So I have been feeling the urge to write more lately. Sometimes I realize that I just have a very different perspective from those around me and I just want to share some of those thoughts and experiences that changed me.
Some thoughts are spiritual, I live around a LOT of mormons, and I often feel like the odd one out as I tend to be a more liberal minded feminist (by the standards here, practically everywhere else I would still be considered fairly conservative, though definitely a feminist). and some are just about life (babies, mothering, working, etc.) I don't really anticipate many people reading what I write. But if something resonates with others I am definitely fine with it being shared.
My other blog clevercouture.com will continue to be there for all my sewing and refashioning projects which I will hopefully be better about sharing again once I am past this first trimester, but this one is my personal blog so that I can look back on things. Kind of a slightly less personal journal.

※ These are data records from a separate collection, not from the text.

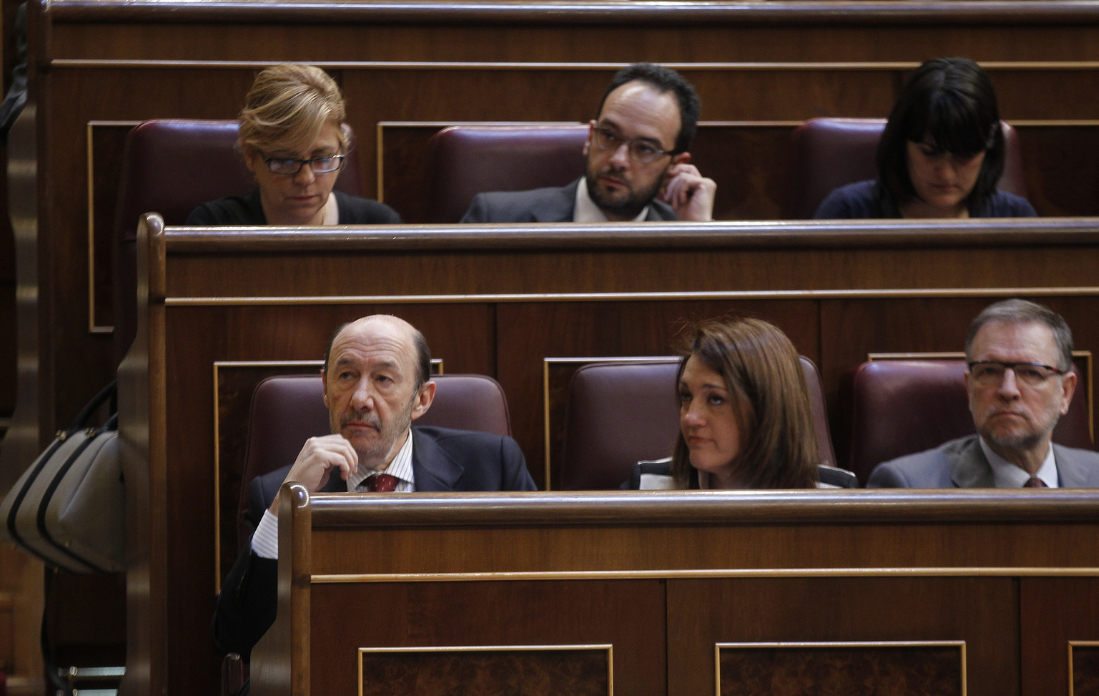 Rubalcaba, Soraya Rodríguez y Valenciano, a su llegada al Congreso para asistir a la primera jornada del debate sobre el estado de la nación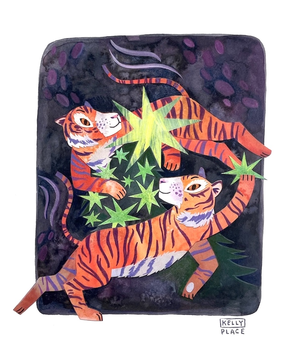 A playful take on one of our favorite subjects - tigers! This print is from the hand cut paper and collage original artwork.
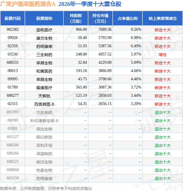 从基金规模来看,广发沪港深医药混合A基金2026年一季度公布的基金规模为1.91亿元,较上一期规模1.76亿元变化了1540.76万元,环比变化了8.76%。该基金最新一期资产配置为:股票占净值比87.42%,无债券类资产,现金占净值比27.44%。从基金持仓来看,该基金当季前十大股票仓位达53.27%,第一大重仓股为蓝帆医疗(002382),持仓占比为9.26%。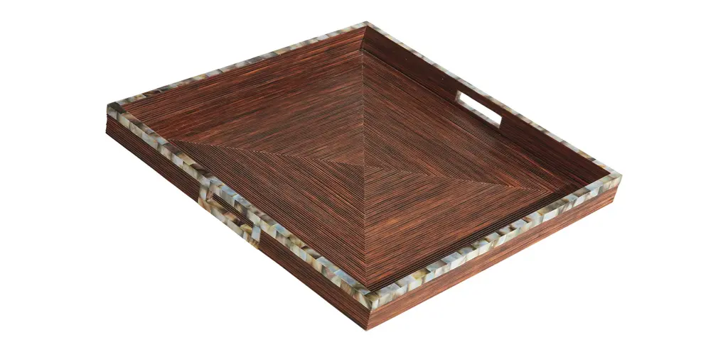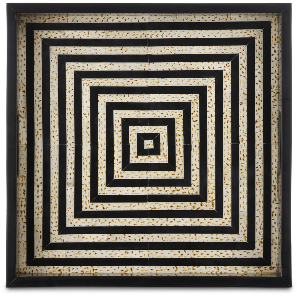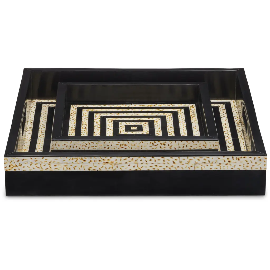The Taurus Tray Set has a number of artisanal aspects to its design and construction. The handmade ivory and black decorative trays have square mitered profiles—the small one sans handles and the large one with openings to grasp. Once the bone and composite materials have been fitted together in tidy lines, texture is achieved on the surfaces when artisans mark the white speckled bone with a brazing tool. This level of specificity and the fact that the trays are composed like intricate puzzles make these special accent pieces designed by Aimee Kurzner.

Today I have been thinking a lot about service. I have always felt this huge drive to serve others. I think most people get that feeling. As soon as your basic needs are met, you hope to be able to help others meet theirs too. One of the big reasons (there were many) I wanted to return to work was to develop my skills in a new way so that I could more effectively serve others both physically and monetarily. My husband and I don't need a lot to be happy, and both want to give back where we can. I have always felt that if I was trying to serve and do the right thing then God would help me achieve it. I've had some really great opportunities for service. My church really pushes service and the entire ministry is done through service. Only those who are in the highest presidencies who can no longer hold jobs are paid. I have always said yes to callings and some of them turned out better than others. Being too sick and pregnant to go to girls camp while being a camp director made me not so very helpful but the girls had lots of fun and told me all about it after! But being a Sunday school teacher was fun! I am much more comfortable being with the teenagers, I screwed up enough as a teen to relate, but not so much that I screwed up later life. Also while I was writing this one of the guys in the bishopric called for a meeting.... soooo basically I may have a new calling. However I don't just jump into saying yes. Honestly I turned down the last offer as I knew we would likely be moving in the next few months (it was in our last ward) and the class had already had two teacher changes. I told them the situation and asked them if they really wanted us. They gave the calling to a really sweet couple who put their all into it and loved those kids.... and who had bought their house so definitely weren't moving soon. Plus my last calling hadn't gone so hot so I really did enjoy having a break for awhile. I am not going to go into details, but sometimes the "easy callings" are the hardest. Fingers crossed it's a calling I can handle. I haven't made it through all 3 hours of church (really can they pleaseeee make it two?) since my morning sickness started up, since I am basically a sick log all morning even with medicine, so I am a tad nervous about being able to fulfill it. But I will pray about it and if I feel called to do it then I will do it.